§ Work request
Exactly as written, return the entries below, minus any pictures.

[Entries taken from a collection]
══════

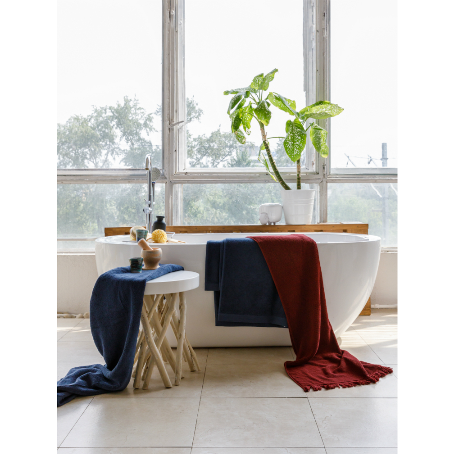 Однотонное банное полотенце темно-синего цвета из коллекции Essential понравится тем, кто любит качественные и стильные банные принадлежности. Мягкая, при этом прочная пряжа изготавливается из лучших сортов длинноволокнистого хлопка методом тщательного прочесывания, что значительно улучшает ее качественные характеристики. Изделие быстро впитывает влагу, оставляя приятное ощущение свежести и чистоты. Полотенце отличается износостойкостью: хорошо держит форму и сохраняет впитывающие свойства на протяжении длительного времени.
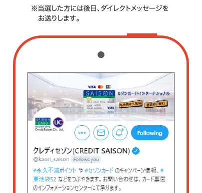《個人情報の取扱い》 個人情報は、株式会社クレディセゾンが、賞品の発送やご当選の連絡の他、個人を特定しない統計的情報の形で利用させていただきます。(管理責任者:株式会社クレディセゾン)
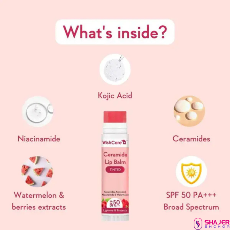 Introducing WishCare Tinted Ceramide Lip Balm – a powerful fusion of skincare and beauty for your lips. Infused with SPF50 PA+++ protection, Kojic Acid, and Niacinamide, this lip balm offers more than just color – it’s your daily dose of lip care.
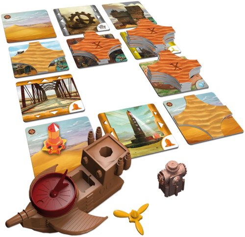 Obsah balení: 49 karet 48 žetonů písku 24 polí 6 figurek 6 šipek 4 části létajícího stroje 1 model létajícího stroje 1 ukazatel písečné bouře 1 stojánek česká a slovenská pravidla
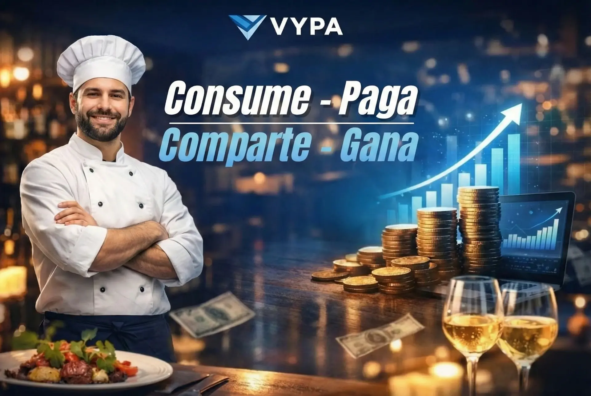 Los restaurantes asociados a VYPA incrementan su clientela por la visita de nuestra red de miembros interesados en consumir allí, por la retribución que obtienen.
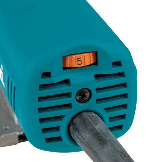 Лобзик Makita 4351FCTJ - инструмент профессионального уровня, обеспечивает качественное пиление различных материалов. Низкий уровень шума и вибрации увеличивает комфорт во время длительной работы. Электрический контроль скорости и встроенная светодиодная подсветка обеспечивают качественный прямой рез. На подошве находится специальная накладка - для защиты заготовки от царапин.
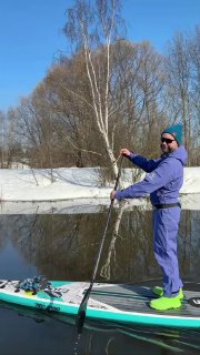 Только посмотрите — сапбордисты в ярких костюмах уже открыли сезон катания по Уче: утки в шоке!
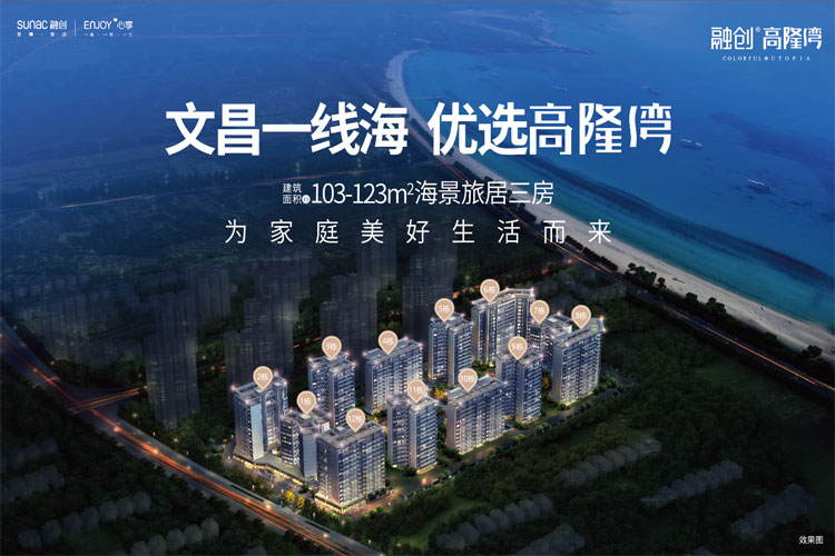 文昌融创高隆湾海景旅居住宅在售,建面为102-125㎡三房户型,价格为10600-14500元/㎡ 融创高隆湾售楼电话:0898-66684445,二十四小时免费专车看房
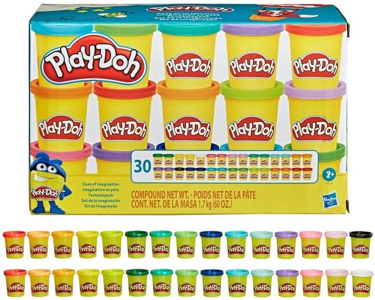 IMMAGINAZIONE IN 30 VASI: Questa confezione da 30 vasetti Play-Doh è perfetta per gli hobby creativi dei bambini e per i giocattoli prescolari per ragazze e ragazzi COLORI ASSORTITI DIVERTENTI: Con molteplici esempi di sfumature di rosso, verde, blu, arancione e rosa, tra gli altri, questi vasetti Play-Doh sono perfetti per attività in classe, piccoli regali o semplicemente per condividere CIALDE PLAY-DOH da 56 G: Con un totale di 1,7 kg di argilla da modellare Play-Doh, questi I vasetti richiudibili da 56 g sono pieni di argilla colorata per i bambini che amano giocare con la plastilina SPAZIO PER L'IMMAGINAZIONE: i giocattoli Play-Doh sono attività per le piccole mani dei bambini, piccoli regali, giocattoli da viaggio, lavoretti per bambini in età prescolare, materiale scolastico e altro ancora UN REGALO PER RAGAZZE E RAGAZZI: i giocattoli creativi sono regali divertenti per i bambini, dai 2 anni (contiene grano)
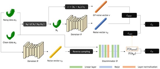 where controls the influence of the adversarial signal. This adversarial extension encourages the generator to produce denoised point clouds that not only minimize numerical reconstruction error but also align with the distribution of real clean point clouds.
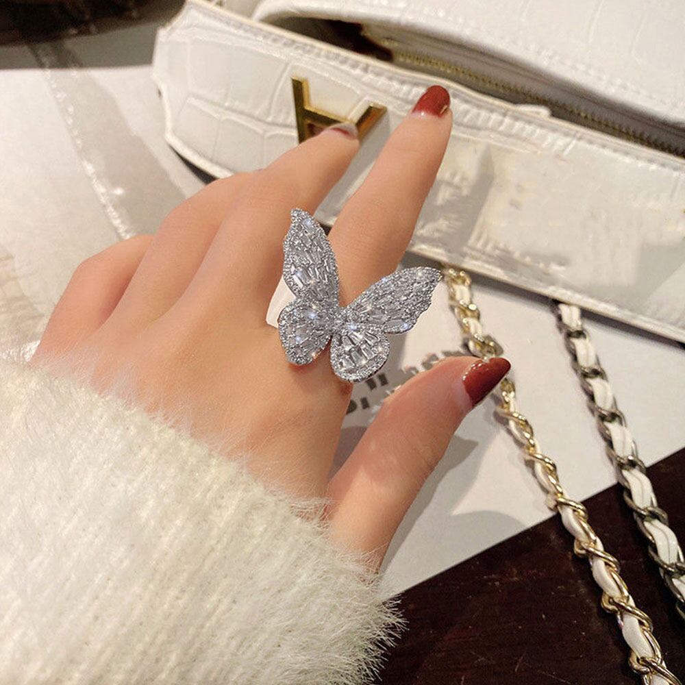 キラキラ ジュエリー 蝶々 人気プレゼント ゴージャス アクセサリー 記念日 フェミニン シルバー 韓国ファッション
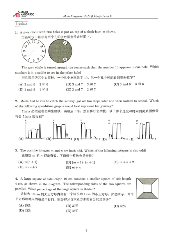 MATH KANGAROO CHINA Math Kangaroo 2023 (China)-Level E 3 points 1. A grey circle with two holes is put on top of a clock-face, as shown. 如图所示,将带有两个孔的灰色圆盘放在钟面上。 The grey circle is turned around the centre such that the number 10 appears in one hole. Which numbers is it possible to see in the other hole? 灰色圆盘绕其中心旋转,一个孔中出现数字10。另一个孔中可能看到哪些数字? (A) 2 and 6 2和6 (B) 3 and 7 3和7 (C) 3 and 6 3和6 (D) 1 and 9 1和9 (E) 2 and 7 2和7 2. Maria had to run to catch the subway, got off two stops later and then walked to school. Which of the following speed-time graphs would best represent her journey? Maria 必须跑着去乘坐地铁,两站后下车,然后步行去学校。以下哪个速度和时间的关系图象最符合Maria 的行程? (A) (B) (C) (D) (E) 3. The positive integers m and n are both odd. Which of the following integers is also odd? 正整数m 和n 都是奇数。下面哪个整数也是奇数? (A) m(n+1) (B) (m+1)(n+1) (C) m+n+2 (D) m·n+2 (E) m+n 4. A large square of side-length 10 cm contains a smaller square of side-length 4 cm, as shown in the diagram. The corresponding sides of the two squares are parallel. What percentage of the large square is shaded? 边长为10 cm的大正方形内部有一个边长为4 cm的小正方形,如图所示。两个正方形相对应的边是平行的。阴影部分占大正方形的百分比是多少? (A) 25% (B) 30% (C) 40% (D) 42% (E) 45% 3
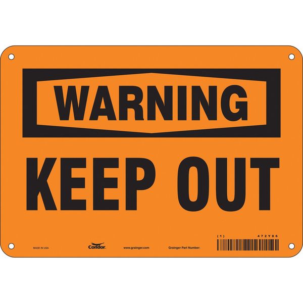 Safety Sign, 7 in Height, 10 in Width, Aluminum, Vertical Rectangle, English, 472Y86SKU G5292627Categories SafetyDescription Safety Sign, Vertical Rectangle, Number of Printed Sides 1, English, Sign Format Traditional OSHA, Sign Legend Keep Out, Sign Legend Background Color Orange, Sign Legend Style TextgraingerSKU: 472Y86, mscSKU: , zoro_no: G5292627, mongo_id: 65bbe78f9a749db822742608
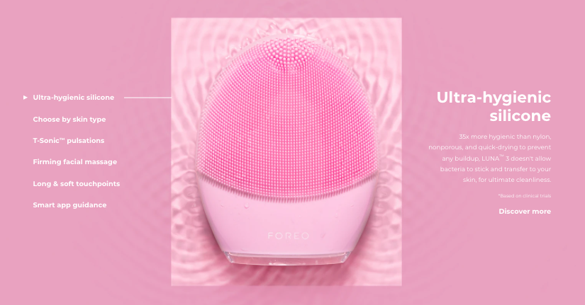 2-in-1 cleansing and firming. Perfectly tailored to your skin. The iconic LUNATM 3 is clinically proven to remove 99.5% of dirt and oil from your skin. Made of velvety soft silicone that is bacteria-resistant, and 35x more hygienic than nylon brushes.
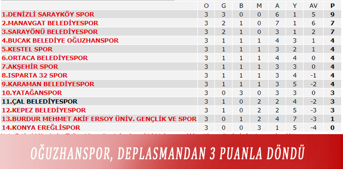 Bölgesel Amatör Ligde 3. Hafta maçları Pazar günü oynandı. Bucak Belediyesi Oğuzhanspor bu hafta deplasmanda Çal Belediyespor ile karşılaştı. Denizli Vali Yusuf Ziya Göksu Stadında oynanan karşılaşmad...

══════

§ Response to this task
 Однотонное банное полотенце темно-синего цвета из коллекции Essential понравится тем, кто любит качественные и стильные банные принадлежности. Мягкая, при этом прочная пряжа изготавливается из лучших сортов длинноволокнистого хлопка методом тщательного прочесывания, что значительно улучшает ее качественные характеристики. Изделие быстро впитывает влагу, оставляя приятное ощущение свежести и чистоты. Полотенце отличается износостойкостью: хорошо держит форму и сохраняет впитывающие свойства на протяжении длительного времени.
《個人情報の取扱い》 個人情報は、株式会社クレディセゾンが、賞品の発送やご当選の連絡の他、個人を特定しない統計的情報の形で利用させていただきます。(管理責任者:株式会社クレディセゾン)
 Introducing WishCare Tinted Ceramide Lip Balm – a powerful fusion of skincare and beauty for your lips. Infused with SPF50 PA+++ protection, Kojic Acid, and Niacinamide, this lip balm offers more than just color – it’s your daily dose of lip care.
 Obsah balení: 49 karet 48 žetonů písku 24 polí 6 figurek 6 šipek 4 části létajícího stroje 1 model létajícího stroje 1 ukazatel písečné bouře 1 stojánek česká a slovenská pravidla
 Los restaurantes asociados a VYPA incrementan su clientela por la visita de nuestra red de miembros interesados en consumir allí, por la retribución que obtienen.
 Лобзик Makita 4351FCTJ - инструмент профессионального уровня, обеспечивает качественное пиление различных материалов. Низкий уровень шума и вибрации увеличивает комфорт во время длительной работы. Электрический контроль скорости и встроенная светодиодная подсветка обеспечивают качественный прямой рез. На подошве находится специальная накладка - для защиты заготовки от царапин.
 Только посмотрите — сапбордисты в ярких костюмах уже открыли сезон катания по Уче: утки в шоке!
 文昌融创高隆湾海景旅居住宅在售,建面为102-125㎡三房户型,价格为10600-14500元/㎡ 融创高隆湾售楼电话:0898-66684445,二十四小时免费专车看房
 IMMAGINAZIONE IN 30 VASI: Questa confezione da 30 vasetti Play-Doh è perfetta per gli hobby creativi dei bambini e per i giocattoli prescolari per ragazze e ragazzi COLORI ASSORTITI DIVERTENTI: Con molteplici esempi di sfumature di rosso, verde, blu, arancione e rosa, tra gli altri, questi vasetti Play-Doh sono perfetti per attività in classe, piccoli regali o semplicemente per condividere CIALDE PLAY-DOH da 56 G: Con un totale di 1,7 kg di argilla da modellare Play-Doh, questi I vasetti richiudibili da 56 g sono pieni di argilla colorata per i bambini che amano giocare con la plastilina SPAZIO PER L'IMMAGINAZIONE: i giocattoli Play-Doh sono attività per le piccole mani dei bambini, piccoli regali, giocattoli da viaggio, lavoretti per bambini in età prescolare, materiale scolastico e altro ancora UN REGALO PER RAGAZZE E RAGAZZI: i giocattoli creativi sono regali divertenti per i bambini, dai 2 anni (contiene grano)
 where controls the influence of the adversarial signal. This adversarial extension encourages the generator to produce denoised point clouds that not only minimize numerical reconstruction error but also align with the distribution of real clean point clouds.
 キラキラ ジュエリー 蝶々 人気プレゼント ゴージャス アクセサリー 記念日 フェミニン シルバー 韓国ファッション
 MATH KANGAROO CHINA Math Kangaroo 2023 (China)-Level E 3 points 1. A grey circle with two holes is put on top of a clock-face, as shown. 如图所示,将带有两个孔的灰色圆盘放在钟面上。 The grey circle is turned around the centre such that the number 10 appears in one hole. Which numbers is it possible to see in the other hole? 灰色圆盘绕其中心旋转,一个孔中出现数字10。另一个孔中可能看到哪些数字? (A) 2 and 6 2和6 (B) 3 and 7 3和7 (C) 3 and 6 3和6 (D) 1 and 9 1和9 (E) 2 and 7 2和7 2. Maria had to run to catch the subway, got off two stops later and then walked to school. Which of the following speed-time graphs would best represent her journey? Maria 必须跑着去乘坐地铁,两站后下车,然后步行去学校。以下哪个速度和时间的关系图象最符合Maria 的行程? (A) (B) (C) (D) (E) 3. The positive integers m and n are both odd. Which of the following integers is also odd? 正整数m 和n 都是奇数。下面哪个整数也是奇数? (A) m(n+1) (B) (m+1)(n+1) (C) m+n+2 (D) m·n+2 (E) m+n 4. A large square of side-length 10 cm contains a smaller square of side-length 4 cm, as shown in the diagram. The corresponding sides of the two squares are parallel. What percentage of the large square is shaded? 边长为10 cm的大正方形内部有一个边长为4 cm的小正方形,如图所示。两个正方形相对应的边是平行的。阴影部分占大正方形的百分比是多少? (A) 25% (B) 30% (C) 40% (D) 42% (E) 45% 3
 Safety Sign, 7 in Height, 10 in Width, Aluminum, Vertical Rectangle, English, 472Y86SKU G5292627Categories SafetyDescription Safety Sign, Vertical Rectangle, Number of Printed Sides 1, English, Sign Format Traditional OSHA, Sign Legend Keep Out, Sign Legend Background Color Orange, Sign Legend Style TextgraingerSKU: 472Y86, mscSKU: , zoro_no: G5292627, mongo_id: 65bbe78f9a749db822742608
 2-in-1 cleansing and firming. Perfectly tailored to your skin. The iconic LUNATM 3 is clinically proven to remove 99.5% of dirt and oil from your skin. Made of velvety soft silicone that is bacteria-resistant, and 35x more hygienic than nylon brushes.
 Bölgesel Amatör Ligde 3. Hafta maçları Pazar günü oynandı. Bucak Belediyesi Oğuzhanspor bu hafta deplasmanda Çal Belediyespor ile karşılaştı. Denizli Vali Yusuf Ziya Göksu Stadında oynanan karşılaşmad...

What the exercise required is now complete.